- Born: Jonathan Patrick Foo 30 October 1982 (age 43) London, England
- Occupation: Actor
- Years active: 2004–present

= Jon Foo =

British actor

Jon Foo (born 30 October 1982) is a British actor and martial artist of Irish Singaporean descent. He is known for his work on the CBS drama/sitcom Rush Hour and the cyber/apocalyptic action film Tekken.

==Early life==
British Actor Jon Foo is of Irish Singaporean descent. He is known for his work on the CBS drama/sitcom Rush Hour and the cyber/apocalyptic action film Tekken. Jon began his career working as an acrobat for a variety of circus acts, shows and idents. He then moved to Hong Kong and Thailand where he booked some of his first movie roles in a crash course on action cinema.

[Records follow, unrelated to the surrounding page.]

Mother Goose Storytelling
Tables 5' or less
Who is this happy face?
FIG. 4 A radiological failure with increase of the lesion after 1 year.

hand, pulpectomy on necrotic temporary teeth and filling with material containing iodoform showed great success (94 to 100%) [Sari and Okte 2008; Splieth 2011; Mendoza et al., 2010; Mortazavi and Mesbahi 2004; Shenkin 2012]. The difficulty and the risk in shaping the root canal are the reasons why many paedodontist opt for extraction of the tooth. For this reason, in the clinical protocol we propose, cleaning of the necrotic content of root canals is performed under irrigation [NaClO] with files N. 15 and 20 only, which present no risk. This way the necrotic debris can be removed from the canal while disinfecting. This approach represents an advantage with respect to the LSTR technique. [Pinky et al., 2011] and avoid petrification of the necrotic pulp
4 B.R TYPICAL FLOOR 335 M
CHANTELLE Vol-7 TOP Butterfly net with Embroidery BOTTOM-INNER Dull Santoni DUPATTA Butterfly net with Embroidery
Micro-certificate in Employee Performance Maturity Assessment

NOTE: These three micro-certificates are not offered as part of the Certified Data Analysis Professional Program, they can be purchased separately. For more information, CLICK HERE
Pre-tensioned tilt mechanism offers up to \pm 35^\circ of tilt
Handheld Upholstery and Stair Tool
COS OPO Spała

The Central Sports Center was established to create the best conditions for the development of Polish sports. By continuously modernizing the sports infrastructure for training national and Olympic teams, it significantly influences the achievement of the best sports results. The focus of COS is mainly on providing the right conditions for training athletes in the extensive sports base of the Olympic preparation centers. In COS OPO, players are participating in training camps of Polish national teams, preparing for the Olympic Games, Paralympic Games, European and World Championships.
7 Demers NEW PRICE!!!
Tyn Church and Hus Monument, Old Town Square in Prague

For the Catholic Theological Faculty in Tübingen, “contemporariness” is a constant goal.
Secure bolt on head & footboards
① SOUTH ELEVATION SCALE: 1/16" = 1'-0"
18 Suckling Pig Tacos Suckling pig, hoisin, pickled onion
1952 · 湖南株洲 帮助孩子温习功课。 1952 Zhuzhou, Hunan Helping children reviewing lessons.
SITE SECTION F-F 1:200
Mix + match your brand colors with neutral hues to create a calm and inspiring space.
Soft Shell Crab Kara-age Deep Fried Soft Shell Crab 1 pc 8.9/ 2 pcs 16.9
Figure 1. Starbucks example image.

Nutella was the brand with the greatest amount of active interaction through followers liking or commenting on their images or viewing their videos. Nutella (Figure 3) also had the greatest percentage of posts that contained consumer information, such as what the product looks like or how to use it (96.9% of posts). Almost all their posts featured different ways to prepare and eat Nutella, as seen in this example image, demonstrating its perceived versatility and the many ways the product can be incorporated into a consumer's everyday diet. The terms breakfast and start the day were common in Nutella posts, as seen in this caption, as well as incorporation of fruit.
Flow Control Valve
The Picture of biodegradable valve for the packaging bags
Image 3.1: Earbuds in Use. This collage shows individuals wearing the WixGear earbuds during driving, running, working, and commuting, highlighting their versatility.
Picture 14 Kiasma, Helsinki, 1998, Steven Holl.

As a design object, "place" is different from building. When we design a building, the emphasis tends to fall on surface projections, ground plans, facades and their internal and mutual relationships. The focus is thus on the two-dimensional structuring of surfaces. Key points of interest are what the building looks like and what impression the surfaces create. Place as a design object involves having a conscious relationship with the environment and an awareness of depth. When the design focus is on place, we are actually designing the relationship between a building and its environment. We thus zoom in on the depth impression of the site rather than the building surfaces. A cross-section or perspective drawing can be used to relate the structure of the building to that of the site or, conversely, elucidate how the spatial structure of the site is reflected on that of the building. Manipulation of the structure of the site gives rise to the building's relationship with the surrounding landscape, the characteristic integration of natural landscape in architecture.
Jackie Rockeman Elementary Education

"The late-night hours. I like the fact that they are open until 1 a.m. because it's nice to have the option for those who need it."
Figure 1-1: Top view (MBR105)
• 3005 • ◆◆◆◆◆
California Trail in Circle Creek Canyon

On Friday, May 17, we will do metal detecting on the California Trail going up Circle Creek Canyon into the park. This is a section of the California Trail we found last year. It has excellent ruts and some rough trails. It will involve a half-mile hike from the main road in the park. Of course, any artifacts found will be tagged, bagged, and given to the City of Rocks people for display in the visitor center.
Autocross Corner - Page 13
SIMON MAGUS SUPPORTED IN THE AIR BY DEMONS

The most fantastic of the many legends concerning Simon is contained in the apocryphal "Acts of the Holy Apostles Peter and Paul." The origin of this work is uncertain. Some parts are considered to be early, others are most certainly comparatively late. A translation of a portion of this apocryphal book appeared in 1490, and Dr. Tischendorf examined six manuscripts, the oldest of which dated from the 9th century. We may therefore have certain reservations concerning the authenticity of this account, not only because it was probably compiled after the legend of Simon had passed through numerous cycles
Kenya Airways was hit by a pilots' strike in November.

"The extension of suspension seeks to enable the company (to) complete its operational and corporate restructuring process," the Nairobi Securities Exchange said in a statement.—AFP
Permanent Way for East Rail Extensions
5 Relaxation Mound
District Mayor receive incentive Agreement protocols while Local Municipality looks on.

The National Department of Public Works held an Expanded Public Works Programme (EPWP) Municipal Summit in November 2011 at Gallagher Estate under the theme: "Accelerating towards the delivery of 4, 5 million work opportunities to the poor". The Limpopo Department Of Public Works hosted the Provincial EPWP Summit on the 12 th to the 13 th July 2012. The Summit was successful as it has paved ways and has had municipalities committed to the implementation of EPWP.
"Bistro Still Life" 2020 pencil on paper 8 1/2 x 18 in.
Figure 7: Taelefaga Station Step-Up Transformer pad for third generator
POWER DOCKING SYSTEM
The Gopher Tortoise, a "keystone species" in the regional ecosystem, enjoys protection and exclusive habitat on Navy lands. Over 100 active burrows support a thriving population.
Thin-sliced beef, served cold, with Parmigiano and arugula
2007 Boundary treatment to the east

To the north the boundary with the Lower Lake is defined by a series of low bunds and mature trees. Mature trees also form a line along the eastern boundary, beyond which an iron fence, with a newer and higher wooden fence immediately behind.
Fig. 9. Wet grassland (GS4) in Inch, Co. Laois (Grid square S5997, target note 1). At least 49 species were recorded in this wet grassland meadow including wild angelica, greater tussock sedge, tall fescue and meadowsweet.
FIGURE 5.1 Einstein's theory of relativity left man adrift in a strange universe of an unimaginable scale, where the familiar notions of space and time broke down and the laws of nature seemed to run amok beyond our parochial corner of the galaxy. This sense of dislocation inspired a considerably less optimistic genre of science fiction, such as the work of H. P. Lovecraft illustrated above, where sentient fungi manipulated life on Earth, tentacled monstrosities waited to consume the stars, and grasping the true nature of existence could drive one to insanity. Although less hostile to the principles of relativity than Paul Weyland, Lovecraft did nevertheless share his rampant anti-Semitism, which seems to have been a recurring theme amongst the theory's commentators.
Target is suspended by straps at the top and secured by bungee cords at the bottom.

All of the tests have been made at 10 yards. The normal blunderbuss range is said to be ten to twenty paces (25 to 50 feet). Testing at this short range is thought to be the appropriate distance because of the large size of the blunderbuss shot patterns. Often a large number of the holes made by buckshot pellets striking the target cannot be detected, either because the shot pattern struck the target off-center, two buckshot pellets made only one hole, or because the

Credits include House of Fury, Tom-Yum-Goong, Rebirth, Extraction, Vikingdom, Universal Soldier: Regeneration, the Rush Hour television series, Weaponized, and Last Resort.

==Career==
Being a practitioner of wushu, Foo has starred in Tom-Yum-Goong (American title: The Protector), Batman Begins, House of Fury, Left for Dead, and Life (Shi cha qi xiao shi). He also performs stunts for other actors. He is perhaps best known for playing the role of Jin Kazama in the 2009 live-action film Tekken. He also played Ryu in the short film Street Fighter: Legacy.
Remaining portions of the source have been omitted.